===== Exercise input

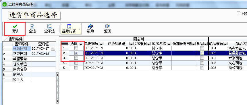 5、确认一下退货数量,出库仓库等资料,确认无误之后点击单据过账,提示保存成功即可。
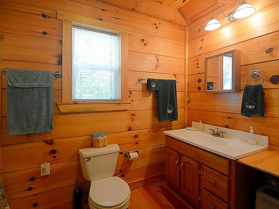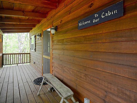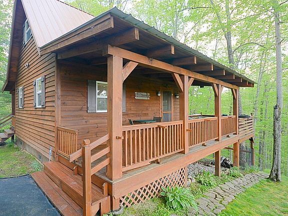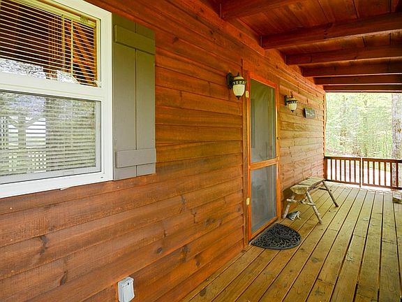 You're going to love this jewel of a cabin nestled in the trees. With large porches and a wall of windows, letting you enjoy nature, inside & out. The cathedral ceilings make it feel open and airy, while the warm decor makes it feel like home. This would make a great 1st time or vacation home. All furnishings and appliances convey with home.
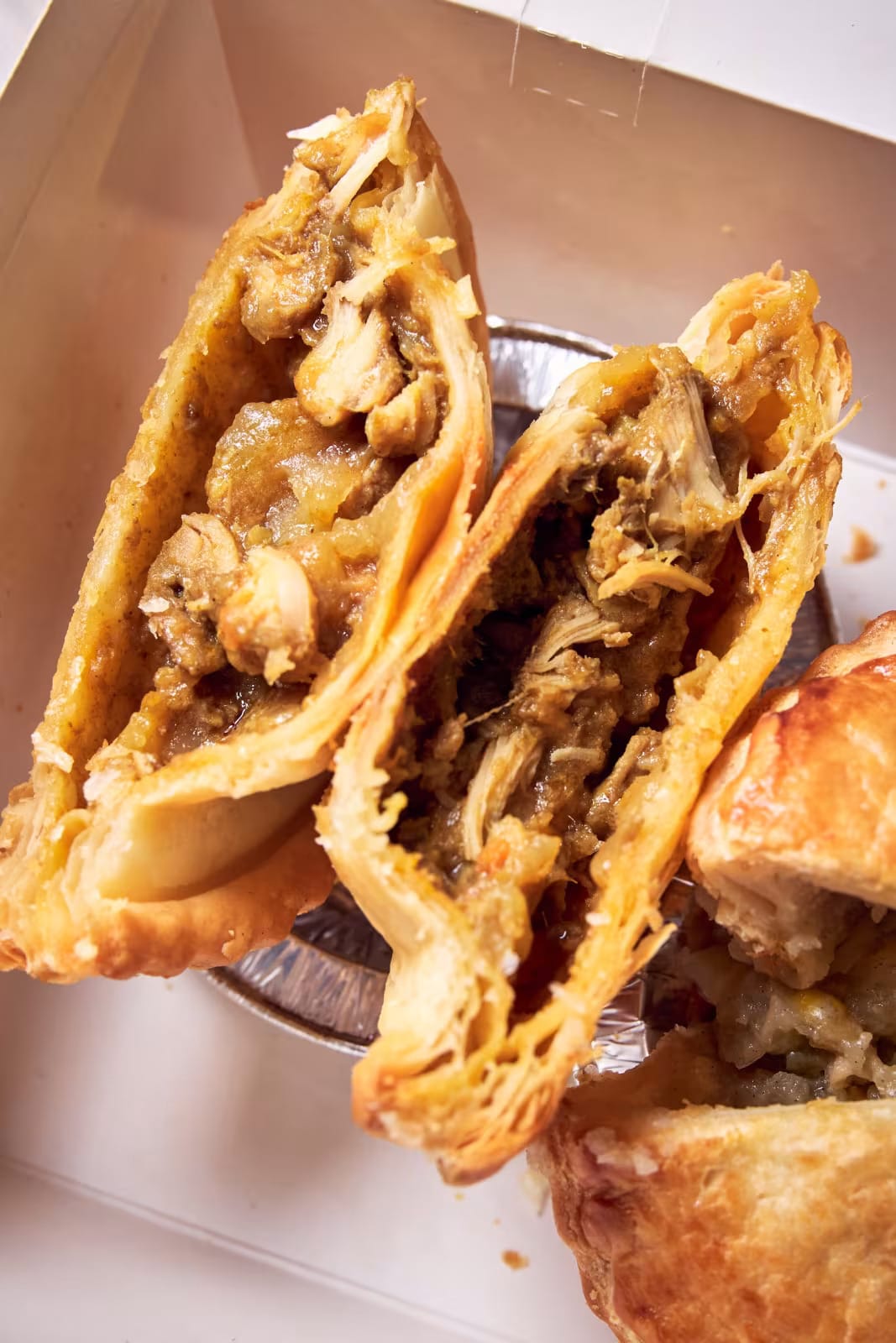 For savoury snacks, this flaky pastry houses tender chicken and potato chunks seasoned with aromatic if mild rendang spices. The perfectly flaky crust holds together well, providing a satisfying contrast to the stew-like filling.
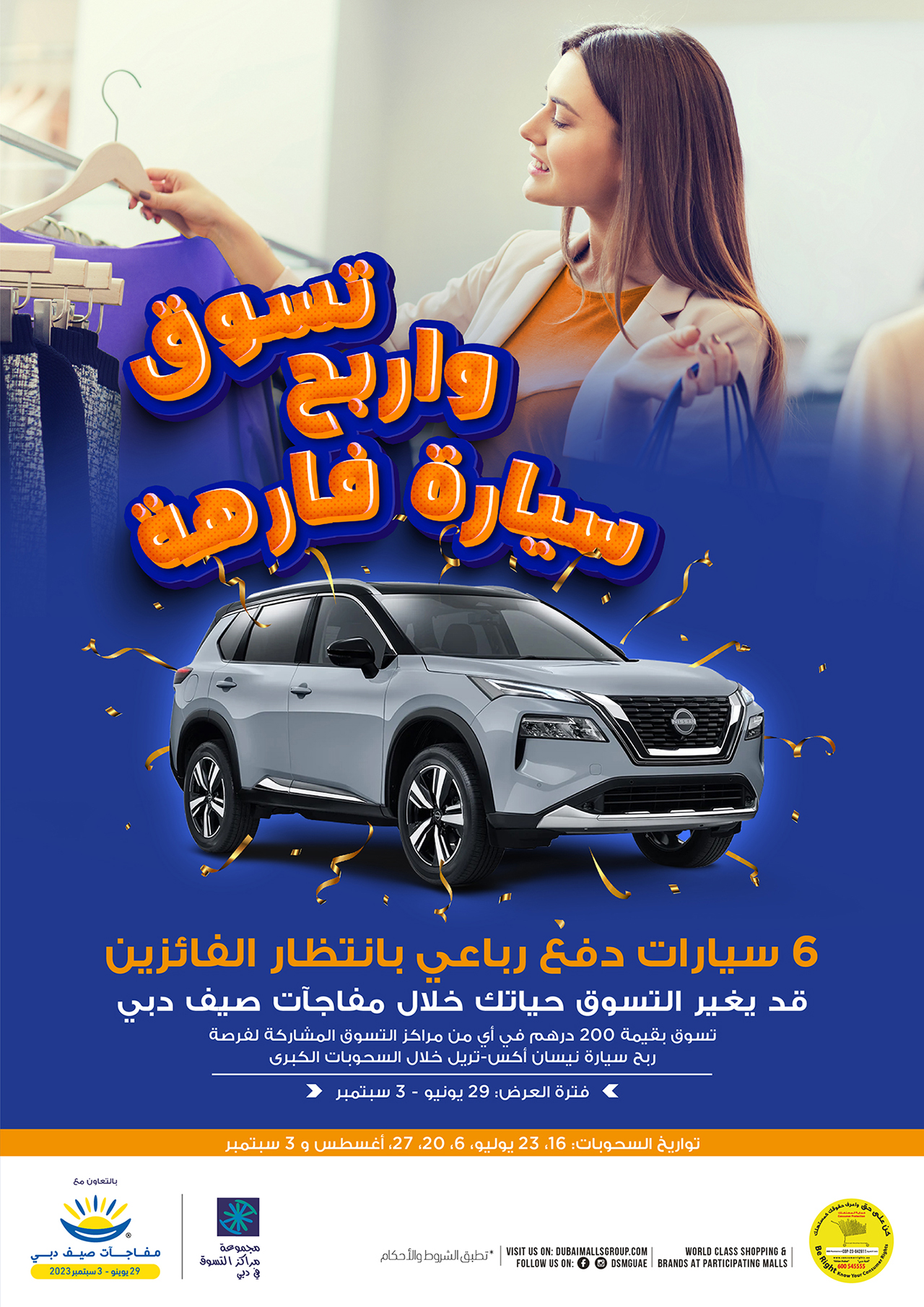 وتجذب مفاجآت صيف دبي سنة بعد سنة المقيمين والزوار بتجارب لا مثيل لها. حملة «تسوق واربح سيارة» التابعة لمجموعة مراكز التسوق في دبي ستكون قوة جذب للمتسوقين، حيث ستُضفي مستوى لا يضاهى من التشويق، والترقب على المشهد التجاري.
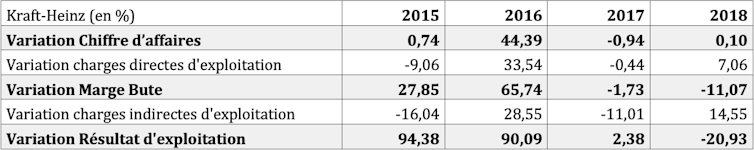 Cela signifie que les mauvais résultats de Kraft-Heinz en 2018 ne sont pas seulement dus aux dépréciations d’actifs, mais aussi à une dégradation généralisée de son exploitation, preuve de l’échec de l’application du « cost killing ». Pour autant, le résultat d’exploitation reste supérieur à la moyenne du secteur. C’est donc davantage la tendance que le résultat en lui-même qui est inquiétant si la désaffection des consommateurs pour les produits de Kraft-Heinz perdure dans le temps.
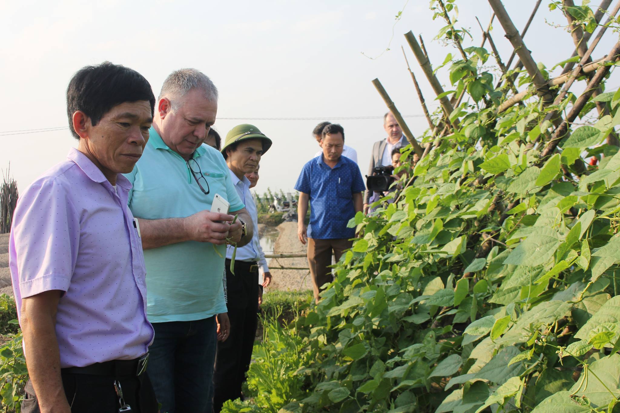 Đại diện doanh nghiệp từ Liên Bang Nga (thứ hai, bên trái) kiểm tra để thương thảo hợp đồng liên kết sản xuất rau, củ, quả tại xã Tượng Sơn, tháng 02/2019
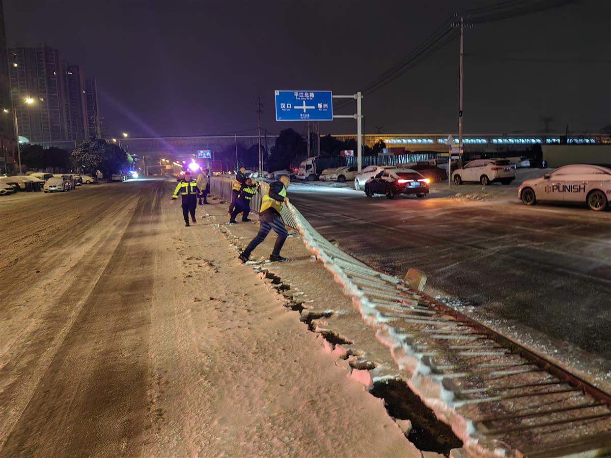 为从源头消除交通安全隐患,武汉交警重点排查桥梁、涵洞、坡道、弯道、上下桥匝道、新城区道路等易结冰路段,不间断开展道路结冰情况巡查检测,采取“定点值守+动态巡逻+视频巡查”方式,发现隐患第一时间协调处置,同时联动城管、环卫等相关部门,开展除冰融雪;针对部分道路暂时无法通行的,采取临时管制措施、增加警力部署,及时应对突发交通情况,保障市民的出行安全。
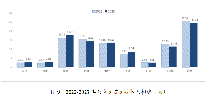 三、收支與費(fèi)用 醫(yī)療收入總量增加,收支結(jié)構(gòu)調(diào)整,住院費(fèi)用下降。 (一)收入支出 2023年,全市醫(yī)療衛(wèi)生機(jī)構(gòu)財(cái)政撥款收入、醫(yī)療收入占總收入的比重分別為21.31%、73.55%,其中財(cái)政撥款收入占比較上年提高2.25個(gè)百分點(diǎn),醫(yī)療收入占比較上年下降0.38個(gè)百分點(diǎn)。 公立醫(yī)院醫(yī)療收入中,藥品收入占比24.47%、耗材收入占比11.43%、檢查化驗(yàn)收入占比32.27%,醫(yī)療服務(wù)收入占比31.83%,其中藥占比、耗材占比分別下降1.05、1.45個(gè)百分點(diǎn),檢查化驗(yàn)占比、醫(yī)療服務(wù)占比分別提高0.44、2.06個(gè)百分點(diǎn)。
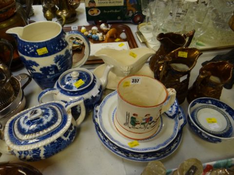 Parcel of mixed china including lustre jugs, blue & white teapots, jug etc

==========

→ Exercise aim: Line by line, return the listing above exactly, leaving out its pictures.

→ Exercise response:
 5、确认一下退货数量,出库仓库等资料,确认无误之后点击单据过账,提示保存成功即可。
 You're going to love this jewel of a cabin nestled in the trees. With large porches and a wall of windows, letting you enjoy nature, inside & out. The cathedral ceilings make it feel open and airy, while the warm decor makes it feel like home. This would make a great 1st time or vacation home. All furnishings and appliances convey with home.
 For savoury snacks, this flaky pastry houses tender chicken and potato chunks seasoned with aromatic if mild rendang spices. The perfectly flaky crust holds together well, providing a satisfying contrast to the stew-like filling.
 وتجذب مفاجآت صيف دبي سنة بعد سنة المقيمين والزوار بتجارب لا مثيل لها. حملة «تسوق واربح سيارة» التابعة لمجموعة مراكز التسوق في دبي ستكون قوة جذب للمتسوقين، حيث ستُضفي مستوى لا يضاهى من التشويق، والترقب على المشهد التجاري.
 Cela signifie que les mauvais résultats de Kraft-Heinz en 2018 ne sont pas seulement dus aux dépréciations d’actifs, mais aussi à une dégradation généralisée de son exploitation, preuve de l’échec de l’application du « cost killing ». Pour autant, le résultat d’exploitation reste supérieur à la moyenne du secteur. C’est donc davantage la tendance que le résultat en lui-même qui est inquiétant si la désaffection des consommateurs pour les produits de Kraft-Heinz perdure dans le temps.
 Đại diện doanh nghiệp từ Liên Bang Nga (thứ hai, bên trái) kiểm tra để thương thảo hợp đồng liên kết sản xuất rau, củ, quả tại xã Tượng Sơn, tháng 02/2019
 为从源头消除交通安全隐患,武汉交警重点排查桥梁、涵洞、坡道、弯道、上下桥匝道、新城区道路等易结冰路段,不间断开展道路结冰情况巡查检测,采取“定点值守+动态巡逻+视频巡查”方式,发现隐患第一时间协调处置,同时联动城管、环卫等相关部门,开展除冰融雪;针对部分道路暂时无法通行的,采取临时管制措施、增加警力部署,及时应对突发交通情况,保障市民的出行安全。
 三、收支與費(fèi)用 醫(yī)療收入總量增加,收支結(jié)構(gòu)調(diào)整,住院費(fèi)用下降。 (一)收入支出 2023年,全市醫(yī)療衛(wèi)生機(jī)構(gòu)財(cái)政撥款收入、醫(yī)療收入占總收入的比重分別為21.31%、73.55%,其中財(cái)政撥款收入占比較上年提高2.25個(gè)百分點(diǎn),醫(yī)療收入占比較上年下降0.38個(gè)百分點(diǎn)。 公立醫(yī)院醫(yī)療收入中,藥品收入占比24.47%、耗材收入占比11.43%、檢查化驗(yàn)收入占比32.27%,醫(yī)療服務(wù)收入占比31.83%,其中藥占比、耗材占比分別下降1.05、1.45個(gè)百分點(diǎn),檢查化驗(yàn)占比、醫(yī)療服務(wù)占比分別提高0.44、2.06個(gè)百分點(diǎn)。
 Parcel of mixed china including lustre jugs, blue & white teapots, jug etc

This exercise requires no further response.